Lisa Meeches hopes MMIWG documentary series returns to the airwaves

A documentary series that aimed to help solve the mysteries behind missing and murdered Indigenous women and girls in Canada could one day return to television.

Taken, which aired on APTN and the public broadcaster, lasted four season and more than 50 episodes.

Producer Lisa Meeches says discussions are happening now and there are hopes for renewing the series that last aired in 2019.

“The show was designed out of fear for my daughter,” says Meeches on the latest episode of Face to Face with Dennis Ward. “She’s going to be 11, next week and not much has changed, in terms of safety for our women in city centres.

“But, we’re becoming more proactive in working with the families and taking suggestions from them and how change can happen and you’re seeing the results of that.”

In addition to hosting Taken, Meeches was also the host of one of the longest running Indigenous television show in Canada.

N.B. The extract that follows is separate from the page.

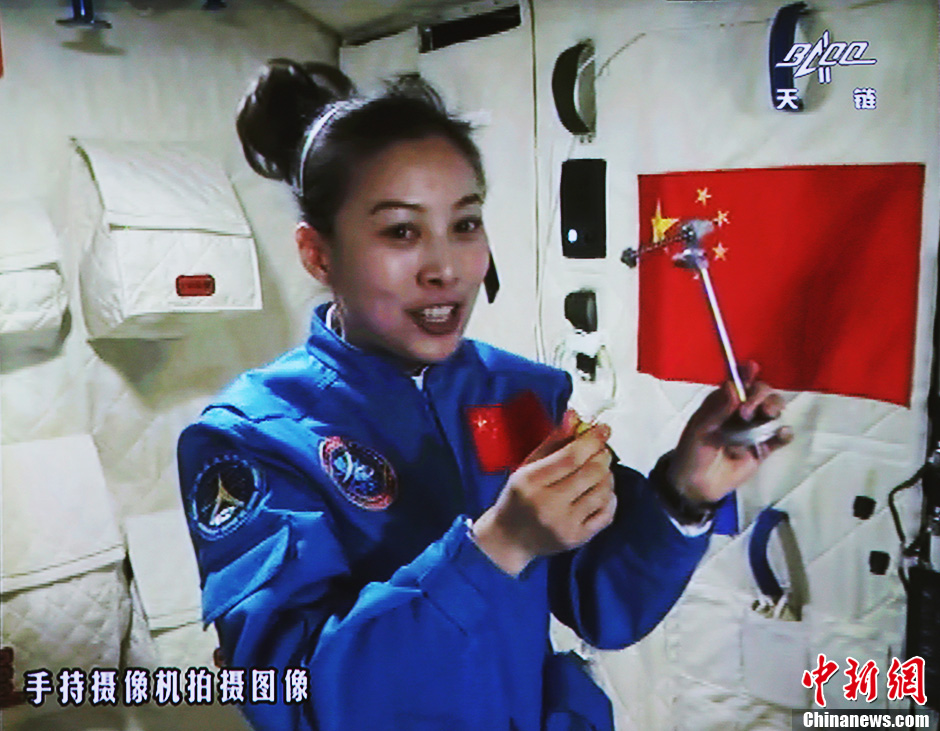 6月20日10時(shí)許,神舟十號(hào)航天員在天宮一號(hào)開展基礎(chǔ)物理實(shí)驗(yàn),為青少年進(jìn)行中國首次太空授課。圖為王亞平講授太空失重提供條件下的單擺演示。中新社發(fā) 秦憲安 攝

Meeches, who is Anishinaabe from Long Plain First Nation in Manitoba, got her break in television as a reporter, nearly 40 years ago.

Being one of the few Indigenous TV reporters “was intimidating” says Meeches but she had a loyal fanbase from the Dakota and Ojibway Nations around Brandon, Man.

That was bearing out in the TV ratings and Meeches was presented with the idea of having a weekly show.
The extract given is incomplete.